In another one of the album’s best songs, the sassy “Blank Space,” Swift calls herself “a nightmare dressed like a daydream” and brags, “I can make the bad boys good for a weekend” with confidence.

“Clean,” a personal favorite, explores a darker side of Swift, as she condemns an ex for being “Still all over me like I wine-stained dress I can’t wear anymore. On my head, as I lost the war, and the sky turn black like a perfect storm.” Her reference to staying “10 months sober, I must admit, just because you’re clean don’t mean you miss it. 10 months older I won’t give in, now that I’m clean I’m never gonna risk it,” is reminiscent of Kelly Clarkson lyrics, another female pop artist often questioned about her genuineness.

However, Swift’s one vice is her continuous attempt to sound like her fellow counterparts in the second half of the album. Influences like Lorde, Lana Del Ray, Pharrell Williams, are all clearly heard, but not crafted carefully enough to effectively discern themselves from their original owners. But despite Swift’s poorly executed efforts to mix current sounds with her own, her album is still original, and aims to stay away from a label of cookie-cutter music.

Even Swift herself is set out to convince her fans and critics alike that this is not just another “Evil pop” album.

“Evil pop is when you’re singing something in your head … and you don’t know why because it’s brainless,”she said in a recent interview with a fellow collaborator Jack Antonoff.

The best part of 1989, though – Swift is unapologetically herself, which makes her somewhat cliche lyrics okay to love.
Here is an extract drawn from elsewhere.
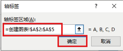 此时图表的系列名称为“1,2,3,4,5”,而真正的数据名称应为“A,B,C,D”。接下来调整系统名称。在“选择数据源”对话框中单击“编辑”按钮,在弹出的“轴标签”对话框中选中“A2:A5”单元格区域,单击“确定”按钮,如图2-3所示。在返回的“选择数据源”对话框中,可以看到“水平(分类)轴标签”列表框中系列名称已经被修改为“A,B,C,D”,单击“确定”按钮,如图2-4所示。

While her latest anthem “Shake It Off,” has been criticized by many for its lack of profundity, it’s at least an attempt to relay a positive message to her fans. And while other tunes like “Stay High,” and “Birthday” are more well-received, they can’t say the same.

Swift may have taken a big risk cutting all ties with her pop-country hybrid past, but her leap into the world of female pop has been nothing but brilliant so far.